◆ Task brief: Each line below from the line with "按年龄划分,不良反应发生率最" to the line with "Concrete cracking is" must be copied exactly, including those two, and no picture may appear in the copy.

◆ Data provided:
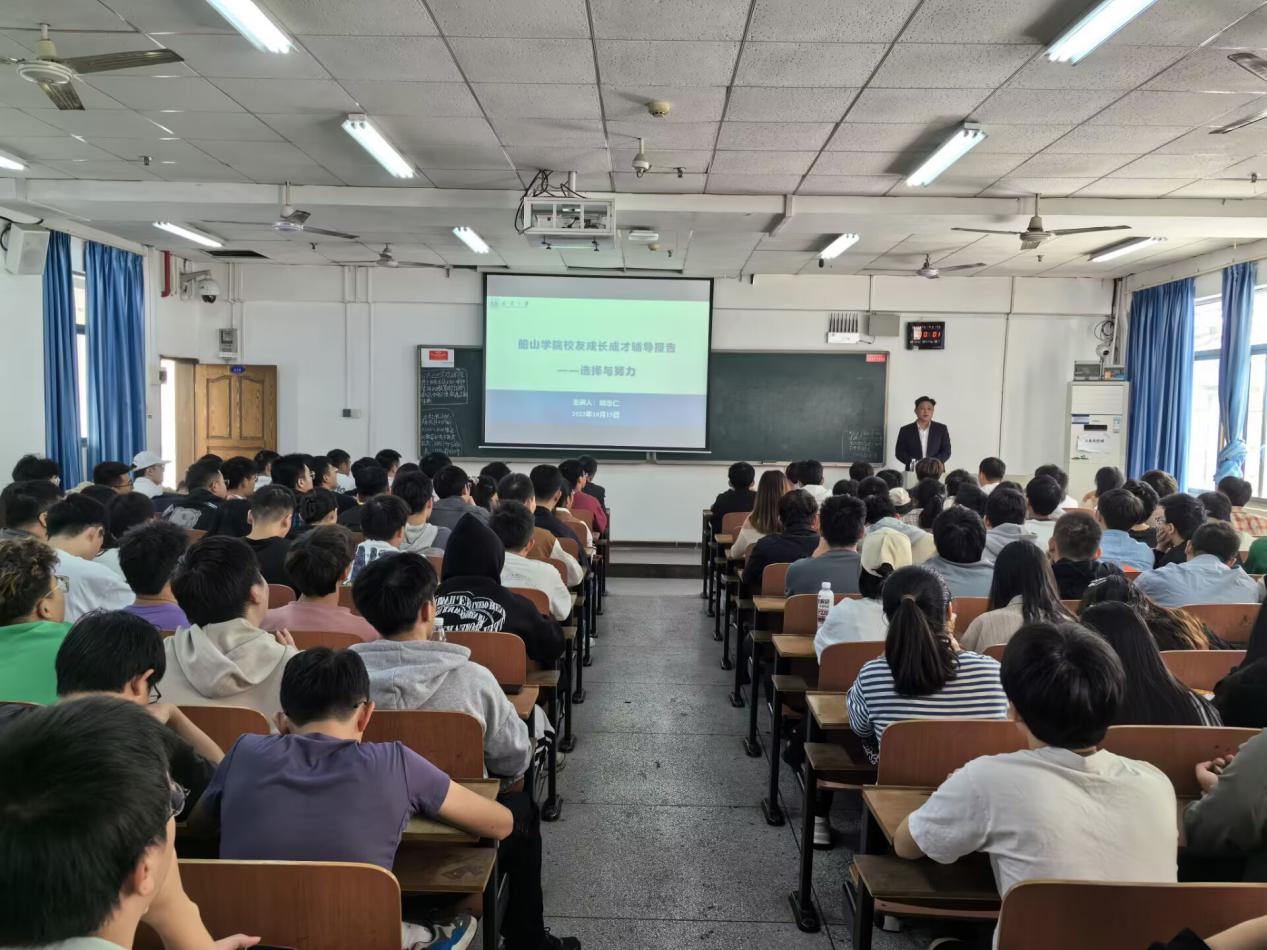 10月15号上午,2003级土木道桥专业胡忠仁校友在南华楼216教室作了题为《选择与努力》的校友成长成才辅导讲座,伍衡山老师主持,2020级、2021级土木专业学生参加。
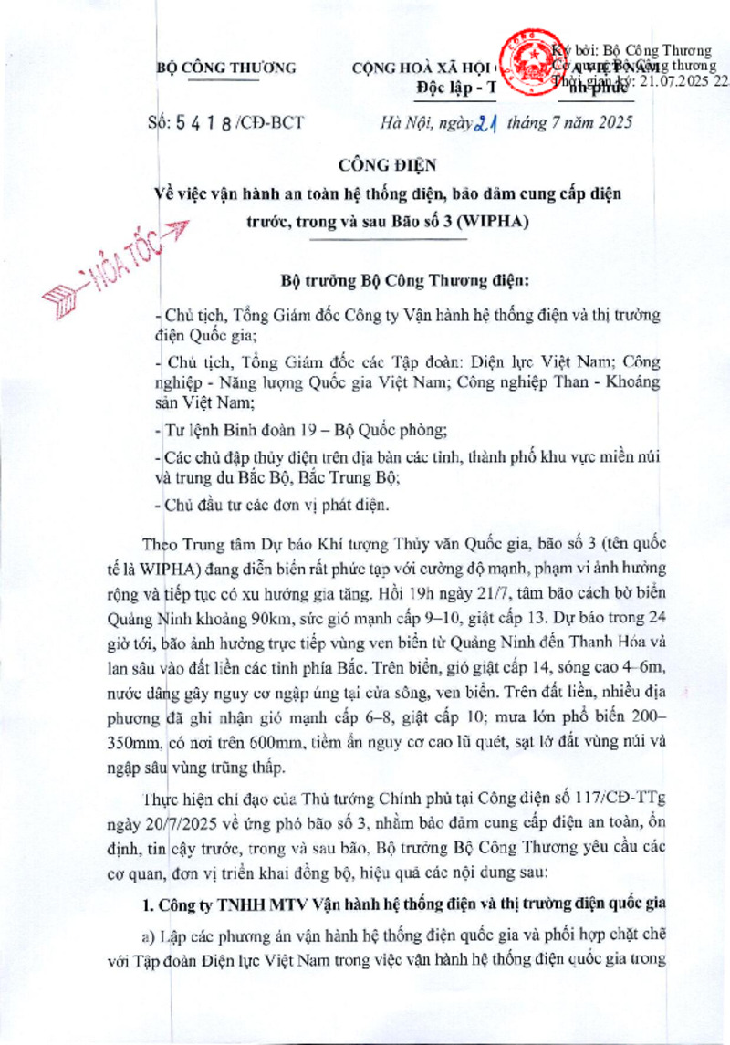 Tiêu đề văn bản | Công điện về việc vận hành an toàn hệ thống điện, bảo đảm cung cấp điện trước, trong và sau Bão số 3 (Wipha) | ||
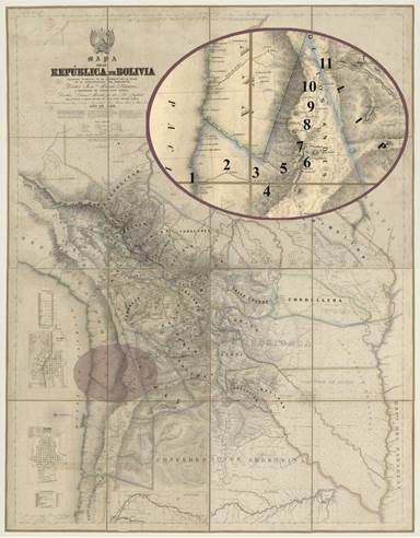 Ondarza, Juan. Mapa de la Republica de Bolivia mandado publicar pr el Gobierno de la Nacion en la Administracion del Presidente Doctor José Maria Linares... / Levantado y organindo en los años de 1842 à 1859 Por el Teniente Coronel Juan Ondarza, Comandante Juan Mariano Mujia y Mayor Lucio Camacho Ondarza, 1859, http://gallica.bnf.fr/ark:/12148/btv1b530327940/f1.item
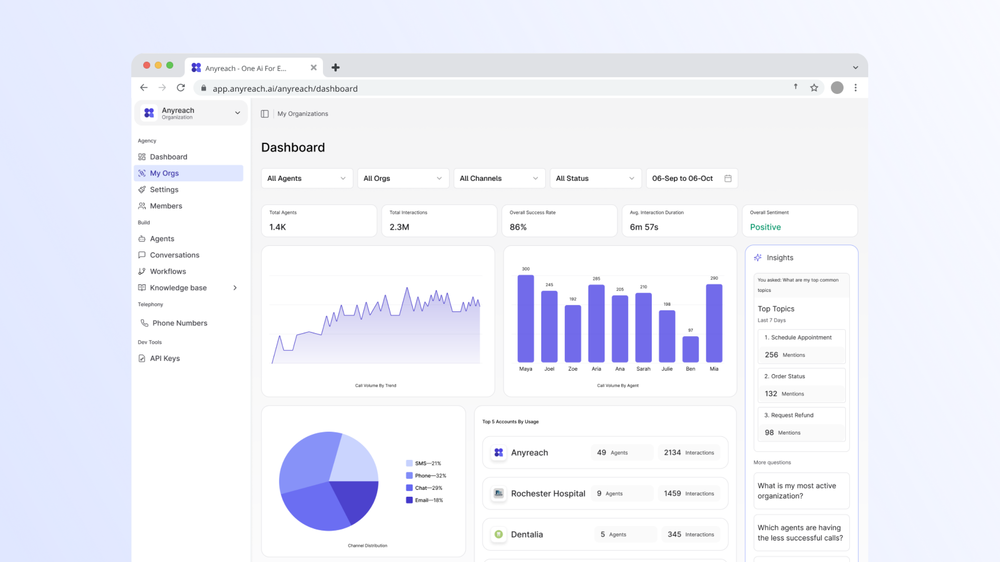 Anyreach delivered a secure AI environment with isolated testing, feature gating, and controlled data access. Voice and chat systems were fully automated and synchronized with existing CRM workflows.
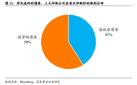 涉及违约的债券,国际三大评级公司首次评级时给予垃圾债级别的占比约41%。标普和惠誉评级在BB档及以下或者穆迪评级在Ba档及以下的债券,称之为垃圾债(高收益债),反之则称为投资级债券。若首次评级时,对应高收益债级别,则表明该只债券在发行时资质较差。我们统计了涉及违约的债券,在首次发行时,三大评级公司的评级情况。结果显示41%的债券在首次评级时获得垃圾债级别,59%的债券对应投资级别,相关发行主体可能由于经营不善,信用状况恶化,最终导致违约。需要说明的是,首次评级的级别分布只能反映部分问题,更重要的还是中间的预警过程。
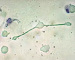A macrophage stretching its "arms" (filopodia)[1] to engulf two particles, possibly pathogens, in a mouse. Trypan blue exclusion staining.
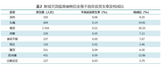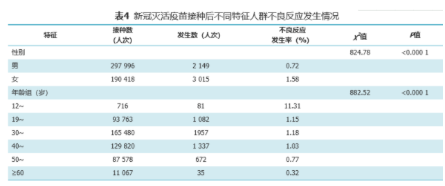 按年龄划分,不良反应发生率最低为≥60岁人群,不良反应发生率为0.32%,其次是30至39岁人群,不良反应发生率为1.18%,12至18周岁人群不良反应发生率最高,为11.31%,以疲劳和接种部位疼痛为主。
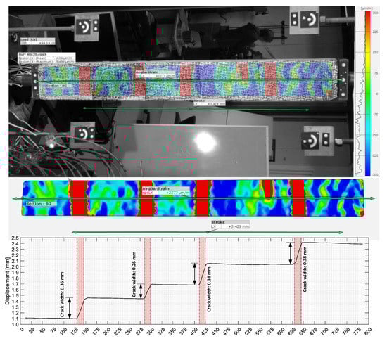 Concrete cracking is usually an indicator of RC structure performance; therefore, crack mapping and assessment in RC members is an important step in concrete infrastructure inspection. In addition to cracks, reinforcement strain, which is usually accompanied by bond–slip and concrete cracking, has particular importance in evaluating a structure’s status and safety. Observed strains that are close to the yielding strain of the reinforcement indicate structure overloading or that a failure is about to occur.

...

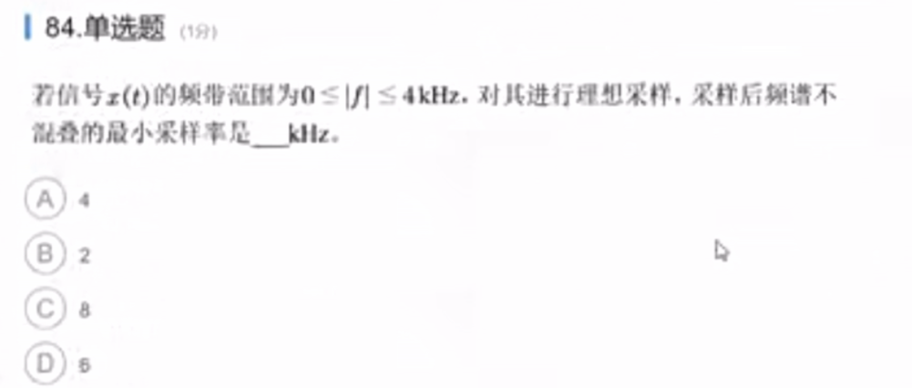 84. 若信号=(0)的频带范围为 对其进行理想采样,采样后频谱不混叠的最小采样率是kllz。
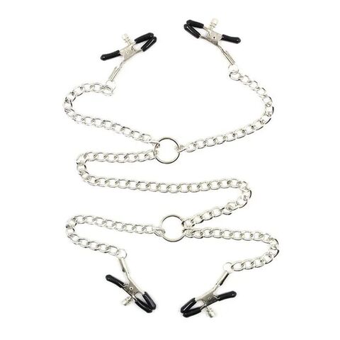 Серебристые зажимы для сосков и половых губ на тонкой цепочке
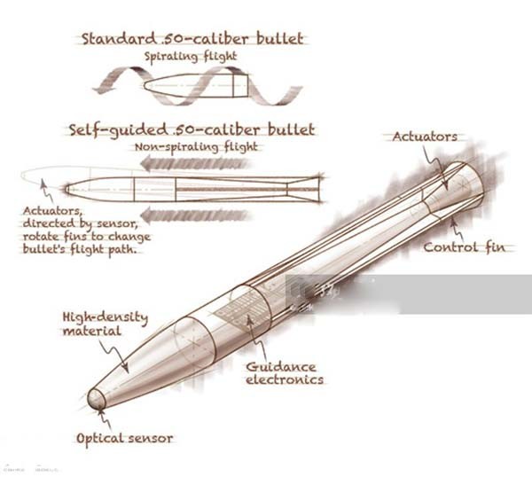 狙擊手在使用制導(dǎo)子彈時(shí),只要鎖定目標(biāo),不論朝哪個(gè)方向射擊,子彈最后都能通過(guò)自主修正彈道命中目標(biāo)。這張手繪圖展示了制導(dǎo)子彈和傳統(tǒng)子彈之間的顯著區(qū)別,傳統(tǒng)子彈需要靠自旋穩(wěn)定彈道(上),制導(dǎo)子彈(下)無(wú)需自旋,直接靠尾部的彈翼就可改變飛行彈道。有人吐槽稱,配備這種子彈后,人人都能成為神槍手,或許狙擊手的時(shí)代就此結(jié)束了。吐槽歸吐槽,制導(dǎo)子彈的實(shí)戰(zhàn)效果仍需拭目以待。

* * *

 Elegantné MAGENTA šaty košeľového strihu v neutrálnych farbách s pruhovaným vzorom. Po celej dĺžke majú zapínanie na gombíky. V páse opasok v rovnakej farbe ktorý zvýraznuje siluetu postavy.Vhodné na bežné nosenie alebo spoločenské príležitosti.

◆ Response for this exercise:
 按年龄划分,不良反应发生率最低为≥60岁人群,不良反应发生率为0.32%,其次是30至39岁人群,不良反应发生率为1.18%,12至18周岁人群不良反应发生率最高,为11.31%,以疲劳和接种部位疼痛为主。
 Concrete cracking is usually an indicator of RC structure performance; therefore, crack mapping and assessment in RC members is an important step in concrete infrastructure inspection. In addition to cracks, reinforcement strain, which is usually accompanied by bond–slip and concrete cracking, has particular importance in evaluating a structure’s status and safety. Observed strains that are close to the yielding strain of the reinforcement indicate structure overloading or that a failure is about to occur.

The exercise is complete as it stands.